■ **EXERCISE DETAILS**:
If a record below holds a picture, leave the picture out and copy the rest exactly.

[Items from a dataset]

· · · ·

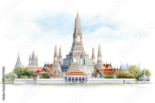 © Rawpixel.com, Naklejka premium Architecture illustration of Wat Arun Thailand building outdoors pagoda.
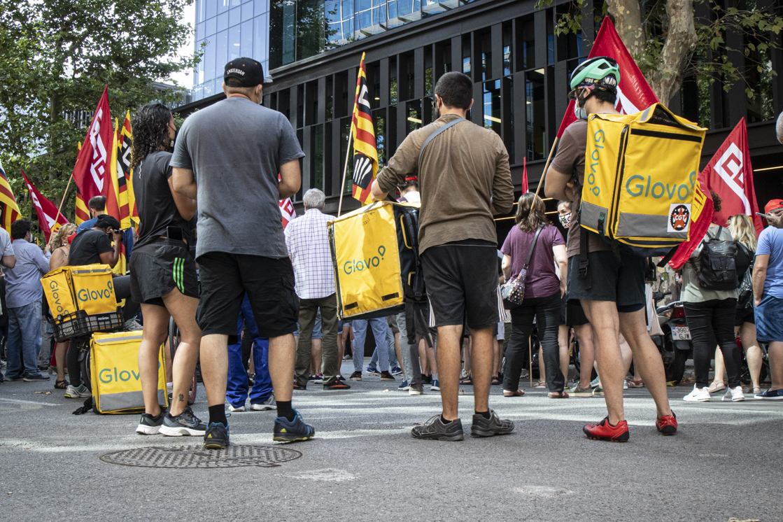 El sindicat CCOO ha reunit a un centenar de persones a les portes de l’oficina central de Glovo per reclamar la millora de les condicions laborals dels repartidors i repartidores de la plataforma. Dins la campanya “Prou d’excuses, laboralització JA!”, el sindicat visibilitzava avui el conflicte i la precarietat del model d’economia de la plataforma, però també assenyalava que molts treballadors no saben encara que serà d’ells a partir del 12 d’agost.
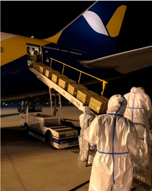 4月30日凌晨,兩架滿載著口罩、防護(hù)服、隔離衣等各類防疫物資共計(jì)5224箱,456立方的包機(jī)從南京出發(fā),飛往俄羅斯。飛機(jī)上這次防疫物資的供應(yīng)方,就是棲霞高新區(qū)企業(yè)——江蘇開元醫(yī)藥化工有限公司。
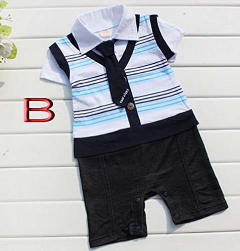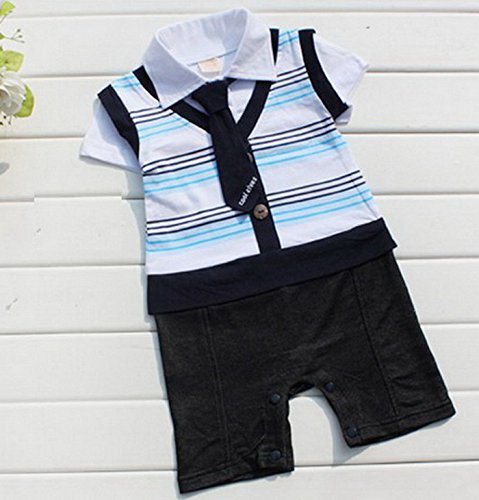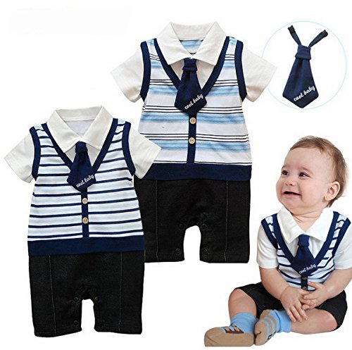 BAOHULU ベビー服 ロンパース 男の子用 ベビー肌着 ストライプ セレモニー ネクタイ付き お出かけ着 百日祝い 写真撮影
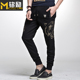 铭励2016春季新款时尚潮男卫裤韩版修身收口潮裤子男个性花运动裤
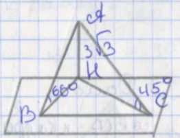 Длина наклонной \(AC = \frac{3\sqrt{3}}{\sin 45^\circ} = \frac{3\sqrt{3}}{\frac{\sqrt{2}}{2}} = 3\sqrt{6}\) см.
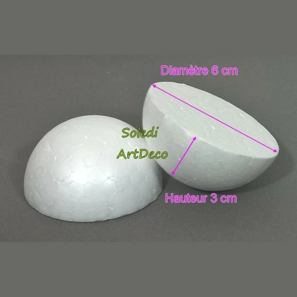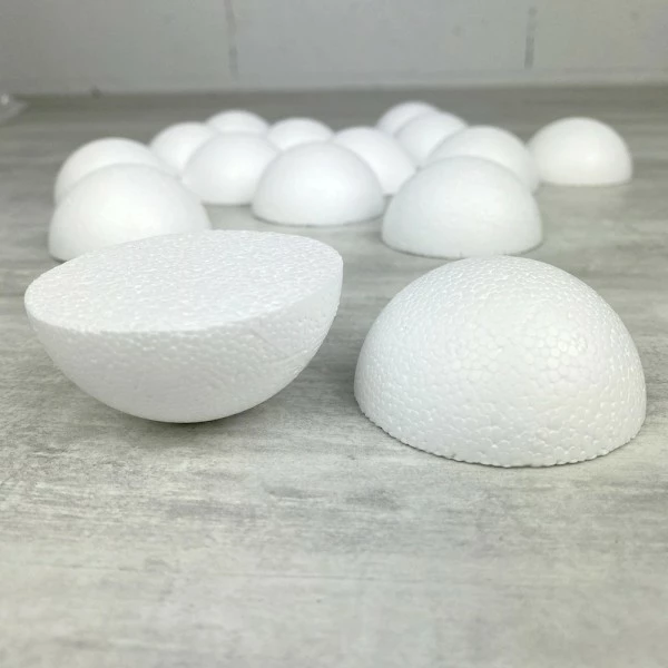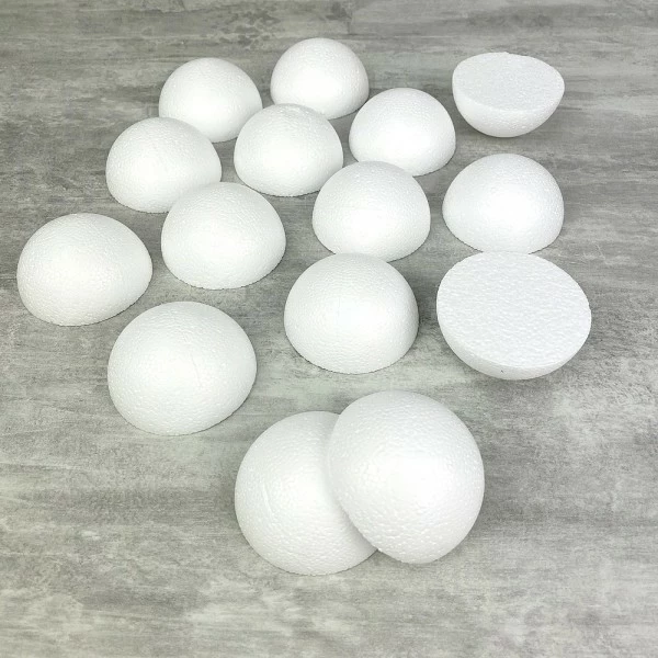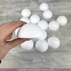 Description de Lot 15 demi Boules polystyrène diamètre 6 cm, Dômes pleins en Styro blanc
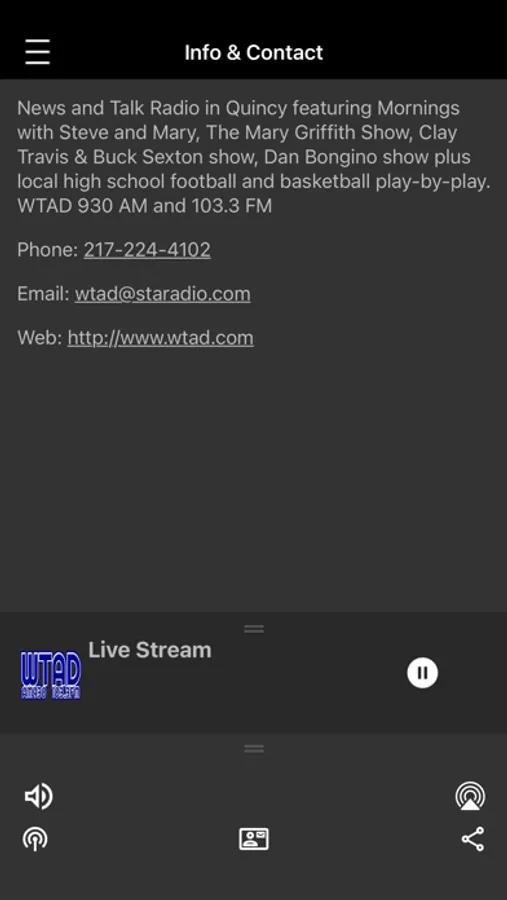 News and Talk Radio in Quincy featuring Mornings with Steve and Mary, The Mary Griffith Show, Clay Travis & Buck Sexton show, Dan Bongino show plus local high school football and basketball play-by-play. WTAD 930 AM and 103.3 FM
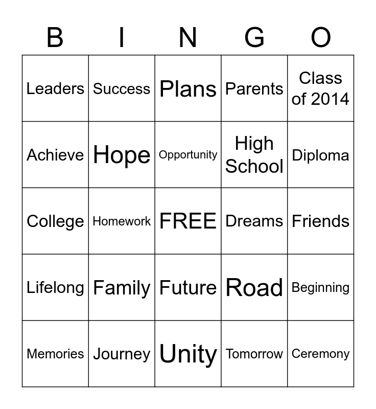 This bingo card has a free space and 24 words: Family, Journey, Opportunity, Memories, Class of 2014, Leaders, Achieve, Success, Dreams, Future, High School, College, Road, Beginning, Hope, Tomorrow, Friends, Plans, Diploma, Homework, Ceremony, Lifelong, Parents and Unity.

· · · ·

■ **TASK ANSWER**:
 © Rawpixel.com, Naklejka premium Architecture illustration of Wat Arun Thailand building outdoors pagoda.
 El sindicat CCOO ha reunit a un centenar de persones a les portes de l’oficina central de Glovo per reclamar la millora de les condicions laborals dels repartidors i repartidores de la plataforma. Dins la campanya “Prou d’excuses, laboralització JA!”, el sindicat visibilitzava avui el conflicte i la precarietat del model d’economia de la plataforma, però també assenyalava que molts treballadors no saben encara que serà d’ells a partir del 12 d’agost.
 4月30日凌晨,兩架滿載著口罩、防護(hù)服、隔離衣等各類防疫物資共計(jì)5224箱,456立方的包機(jī)從南京出發(fā),飛往俄羅斯。飛機(jī)上這次防疫物資的供應(yīng)方,就是棲霞高新區(qū)企業(yè)——江蘇開元醫(yī)藥化工有限公司。
 BAOHULU ベビー服 ロンパース 男の子用 ベビー肌着 ストライプ セレモニー ネクタイ付き お出かけ着 百日祝い 写真撮影
 铭励2016春季新款时尚潮男卫裤韩版修身收口潮裤子男个性花运动裤
 Длина наклонной \(AC = \frac{3\sqrt{3}}{\sin 45^\circ} = \frac{3\sqrt{3}}{\frac{\sqrt{2}}{2}} = 3\sqrt{6}\) см.
 Description de Lot 15 demi Boules polystyrène diamètre 6 cm, Dômes pleins en Styro blanc
 News and Talk Radio in Quincy featuring Mornings with Steve and Mary, The Mary Griffith Show, Clay Travis & Buck Sexton show, Dan Bongino show plus local high school football and basketball play-by-play. WTAD 930 AM and 103.3 FM
 This bingo card has a free space and 24 words: Family, Journey, Opportunity, Memories, Class of 2014, Leaders, Achieve, Success, Dreams, Future, High School, College, Road, Beginning, Hope, Tomorrow, Friends, Plans, Diploma, Homework, Ceremony, Lifelong, Parents and Unity.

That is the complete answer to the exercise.